I find it a bit amusing that we are now at the point where we can say "has everyone forgotten about" about Snowden revelations. When those came out, my reaction at the time was "has everyone forgotten about ECHELON?" https://en.wikipedia.org/wiki/ECHELON
Back in ...huh maybe late 2002, we were testing embedded machines for surveillance video streaming through the then new UMTS 3G system. So we had this very compact (there were no Raspberry PIs back then) Linux machine with its PCMCIA 3G card which would use ffmpeg to stream the video taken by a camera, to a nearby broadband connected PC having a fixed IP.

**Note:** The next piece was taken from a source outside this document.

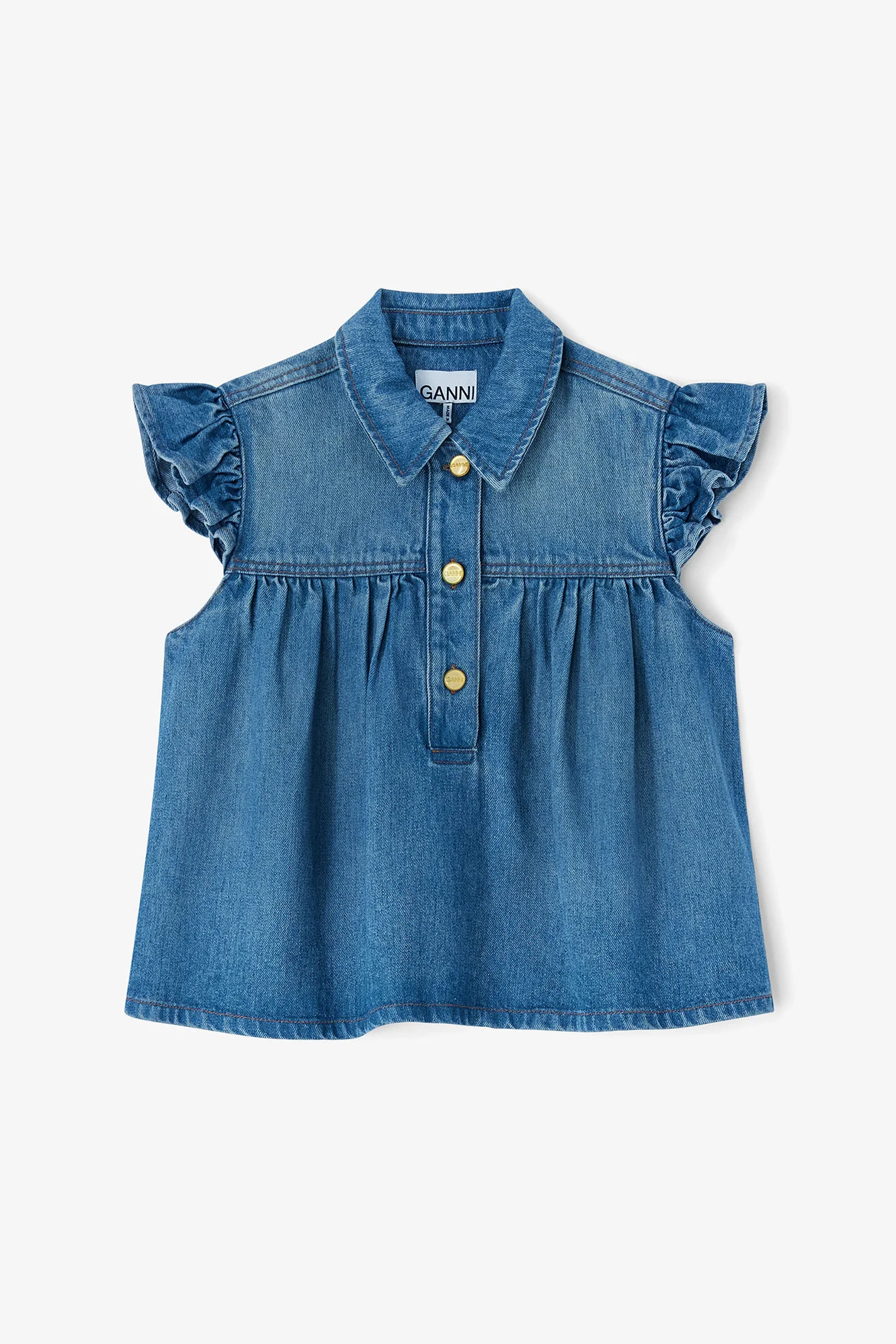 This denim top features a collar, ruffled sleeves and a button-front closure. DETAILS - 100% TENCEL™ Lyocell Learn more about our materials - Lining composition: 100% Organic Cotton - Classic collar - Button-front closure - Short sleeves - Gold-tone buttons Made in: Turkey Product ID: A1040047 SIZE & FIT - Regular fit - Lisa Lu is 5’10” and wears a size US 4

Everything worked, but we were literally struggling to achieve low latencies because the application would have been in potentially life threatening scenarios; the customer had been very clear about the numbers: half a second maximum latency, not more. We were almost getting there, with some quality tradeoffs, still something was slowing us down, so we fired a traceroute to see the path traveled by our precious video packets, and the shock when we found that to reach a machine on the same bench they went through not one but two countries to get to London, and back.
We filed a detailed request to the carrier, which was our partner, to ask if there was something wrong with routing. We got no reply, other than realizing the following days that they had blocked ICMP and other things so that we couldn't use traceroute anymore.